On Windows, it must be built from source. The guide is available here https://github.com/v8/v8/wiki/Using%20Git. We present the necessary steps here:

1) First get depot_tools using this guide: http://dev.chromium.org/developers/how-tos/install-depot-tools
Cygwin isn't mandatory, but can be used if it is convenient for you.
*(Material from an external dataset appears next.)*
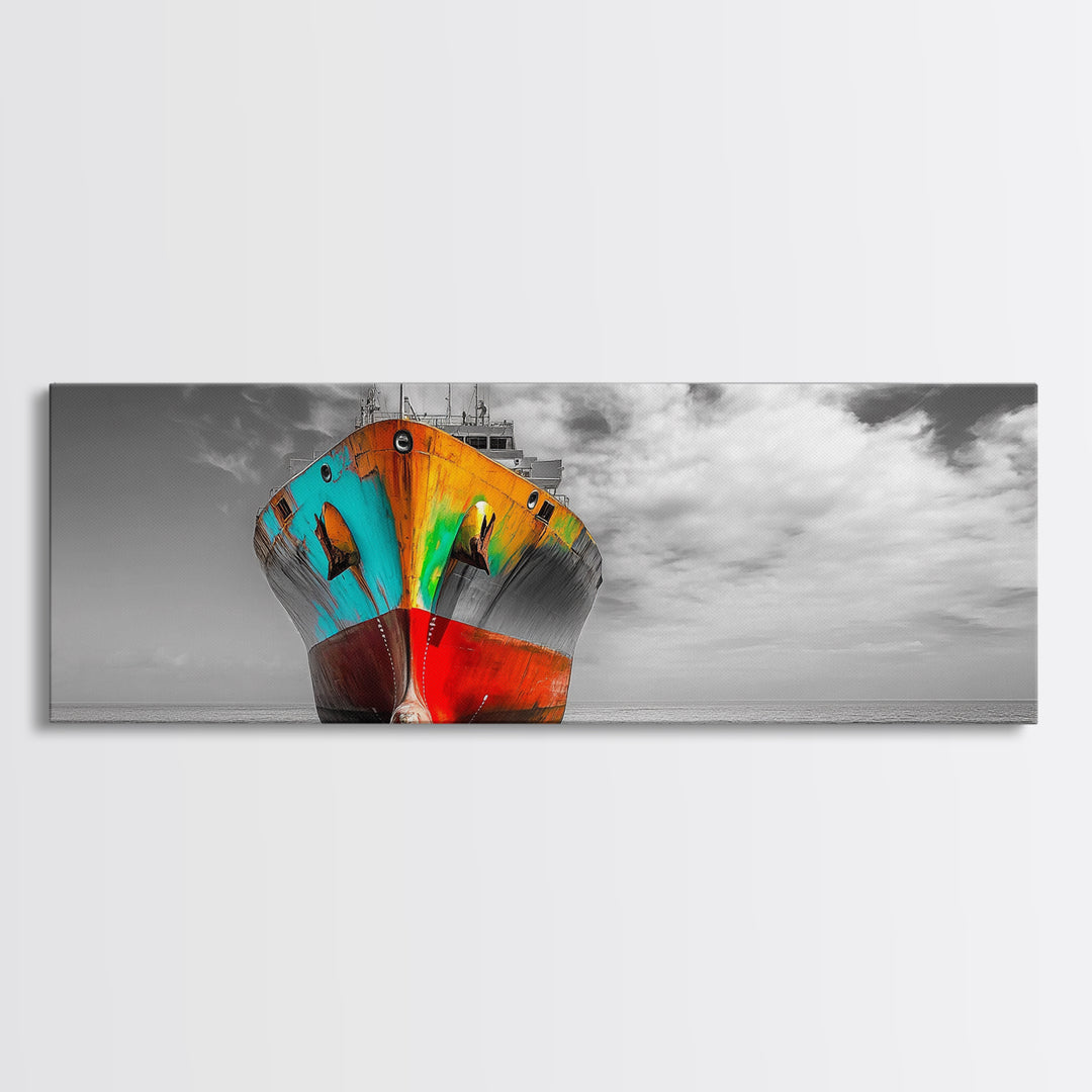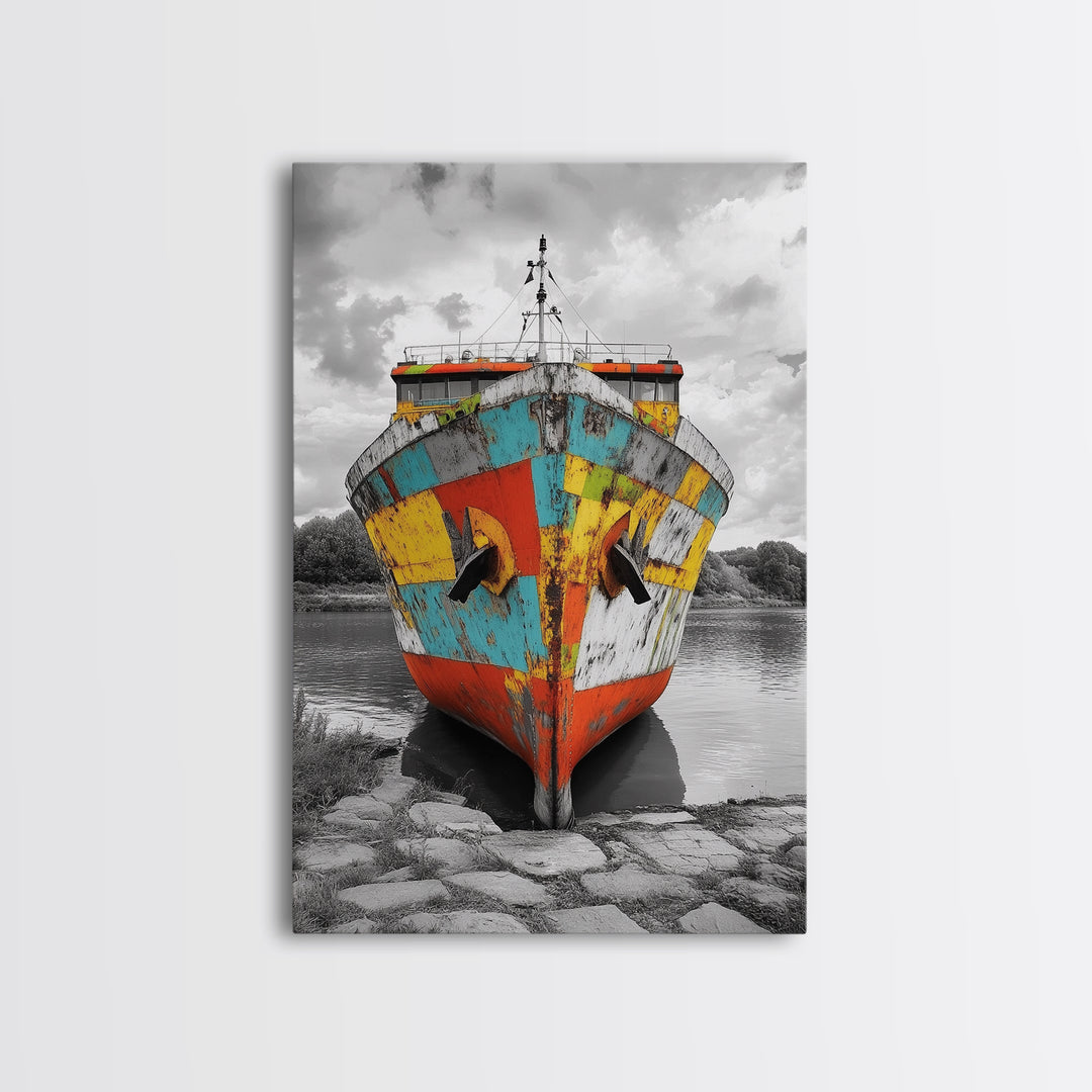 Colorful Ship, Rusty Boat, Ocean Photography, Seascape Wall Art, Framed Canvas Print, Coastal Decor, Nautical Theme, Man Cave Style
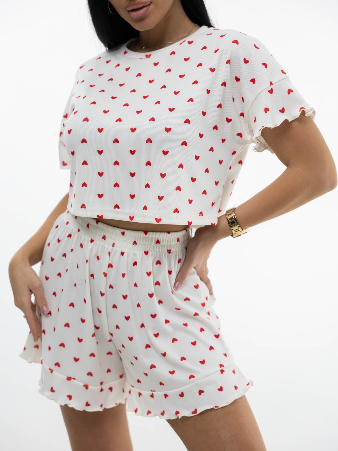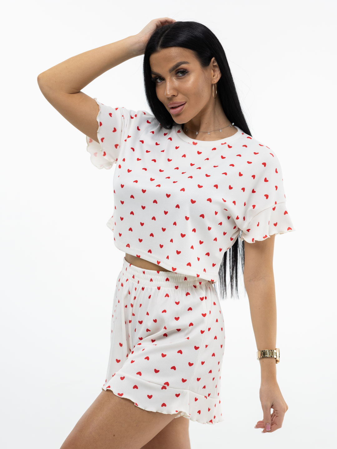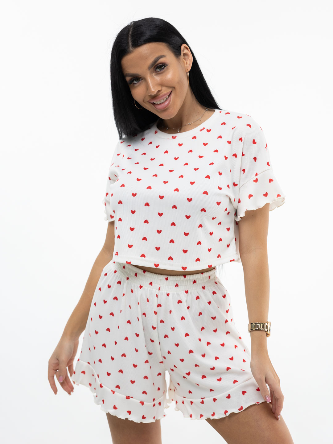 Молодежная пижама в ультрамодной расцетке "мелкое сердечко", материал очень легкий и приятный на ощупь, в рубчик. Топ с О-образной горловиной и коротким рукавом-воланом. Шорты на мягкой резинке с воланами по низу.

2) Start cmd.exe} and run depot_tools to make sure it's up to date:

> gclient

3) Make sure you are in a directory you selected for building V8. To get V8 and go into its directory run:

> fetch v8
> cd v8

4) Generate MSVC project using GYP. Official guide is here: https://github.com/v8/v8/wiki/Building%20with%20Gyp#visual-studio. You need python for this step. Just run:

> python build\gyp_v8

5) To build only V8 libraries (nothing more is required for this work), go to folder tools\gyp and open v8.sln.

6) Select Release configuration and build the solution.


///////////////////// Mono ///////////////////////

On Linux, just follow the official guide: http://www.mono-project.com/docs/getting-started/install/linux/. Install the complete version using:

> apt-get install mono-complete

On Windows, download and install the 32bit version: http://www.mono-project.com/download/#download-win.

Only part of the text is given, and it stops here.